I'm old and tired.
Y'all didn't get the I-AA/FCS experience. It wasn't bad, it wasn't great. One thing though is teams CAN draw crowds. If anyone saw Montana vs NDSU, packed house, rowdy as all get out and frankly the crowd, atmosphere, and actual game is likely to be better than the three playoff games this year.
If LSU and their SEC brethren and Michigan, Ohio State and B1G brethren want to expand themselves into a 36-40 team pro circuit of football, more power to them, Godspeed, go on and do your thing.
Think of it from this angle. Who sits around grumbling that the Cajuns don't get a crack at the Saints? If LSU goes full on pro in football, they are closer to the Saints than the Cajuns, for the old farts, they are basically the New Orleans Breakers circa 1984.
You go full pro, why bother with "five to play four" just require that they be enrolled for at least 12 hours during the season, maintain a 2.0 GPA and make progress towards a degree whether it's your first bachelor's, second one, or masters degree, or PhD, pick a degree plan and successfully navigate it. Why give up a quality player just because they've played four seasons? Replacing them is a crapshoot.
Look at the salaries paid in B1G and $EC. They can compete with late second round NFL Draft salaries if they really want to. They can beat round 6-8 salaries if they choose to.
It will be a fascinating turn. Remember you can't get together and agree to limit compensation but you CAN limit compensation on your own.
There may be some schools that choose to remain "amateur". It's happened before. The Ivy League schools were once dominant and opted to step out of the rat race.
Wouldn't bet on it happening but the leadership at Notre Dame might surprise us and opt to not go full pro.
I don't think the leadership at a lot of schools is going to be agreeable to sending a team to play a full pro team that has guys with 8 years of playing experience at that level.
Already ESPN and Fox are pushing the top leagues to cut back on the filler games. Going full pro they are going to be working hard to up their TV money and getting a boost will mean cutting back on non-conference games.
The question is will Big XII and ACC try to chase them. They can't offer the same money across the roster. They might be able to outbid on some players but they won't have as big of a spend.
The AAC tried to chase for years labeling themselves P6 and all they got out of it was losing Cincinnati, UCF, and Houston to the P4. They've replaced them with teams with lower budgets.
If it goes full pro AAC, Sun Belt, MAC, CUSA, Pac2/MWC won't be able to throw anything close to similar roster money.
I am perfectly fine with being stuck in a group that doesn't include $EC and B1G and mostly OK losing ACC and B12.

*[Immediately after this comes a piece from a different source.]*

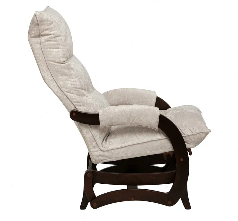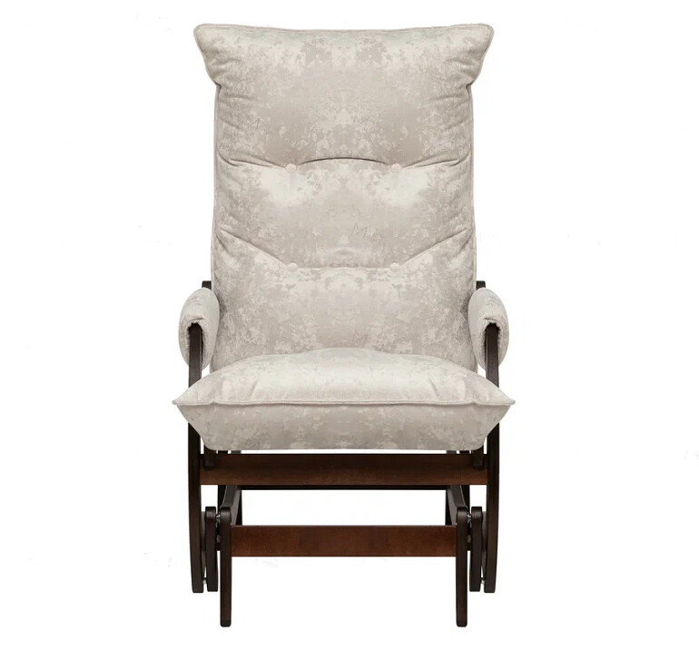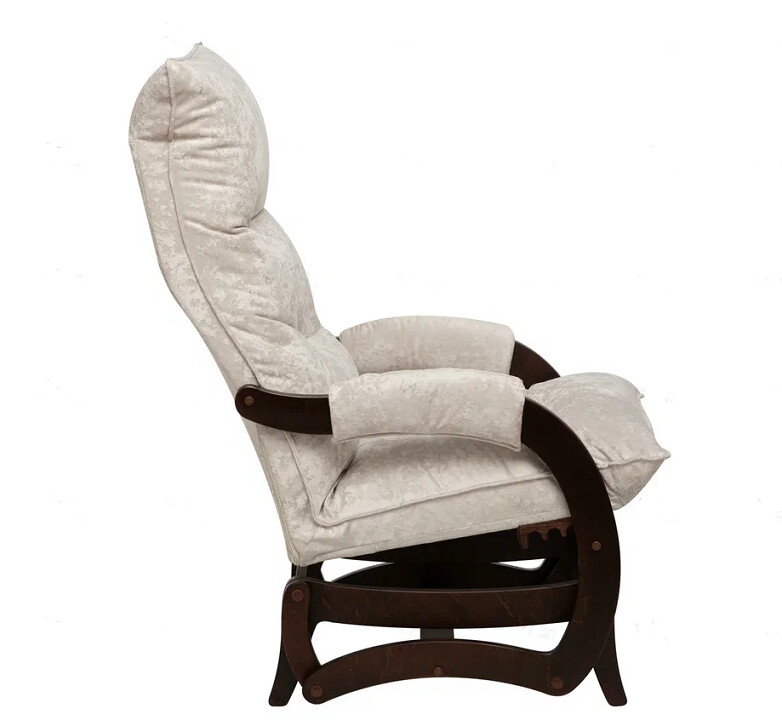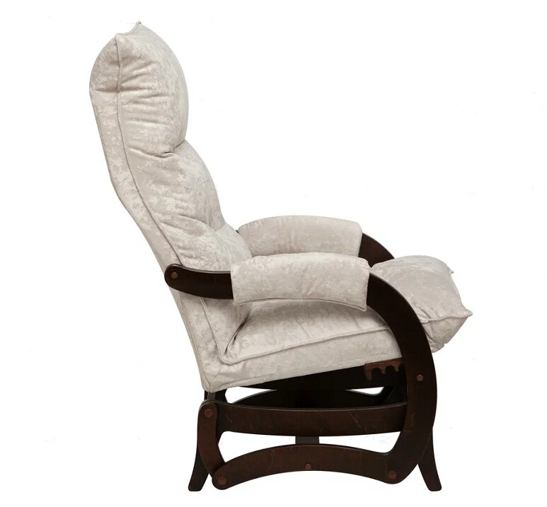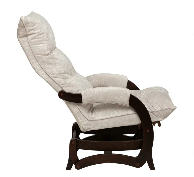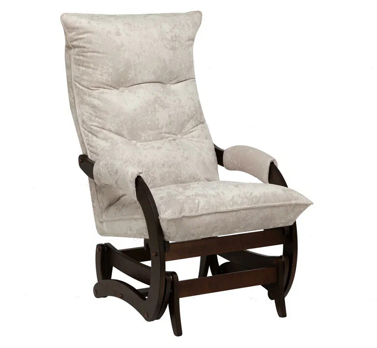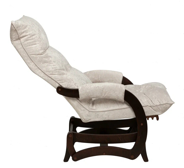 Кресло-маятник Leset Луно превзойдет все ваши ожидания комфорта и стиля. Кресло-качалка с мягкими, уютными подушками и плавным покачиванием станет твоим любимым местом для отдыха. Можно выбрать идеальный угол наклона спинки - кресло предлагает четыре положения наклона: от расслабленного полулежа до удобного вертикального положения (регулируется до 124°). Механизм качания разработан для максимального расслабления. Лёгкие, ритмичные движения помогут успокоиться и забыть о стрессе. Классический силуэт и элегантное сочетание дерева разных оттенков и ткани велюр позволят креслу гармонично вписаться в любой интерьер. Оно станет не только местом отдыха, но и красивым акцентом в доме.Наполнитель из пенополиуретана (ППУ), холкона и синтешара создаёт невероятный комфорт идеально подстраиваясь под форму тела.

During the I-AA now FCS days for AState the hard thing was explaining the difference between I-A and I-AA. People didn't really understand that. People can grasp the difference in being NFL Lite vs playing college football.
I think becoming NFL Lite runs some really big risk for schools like USC, UCLA, Washington, Northwestern, Maryland, Vanderbilt, etc., who run the risk of no longer being compared vs college peers but rather compared against the local NFL teams. I doubt OU wants people comparing their basketball team to the Thunder instead of Kansas and Texas.
They need to LEAVE and make it clear the shop is closed so presidents don't foolishly spend trying to get invited to the club.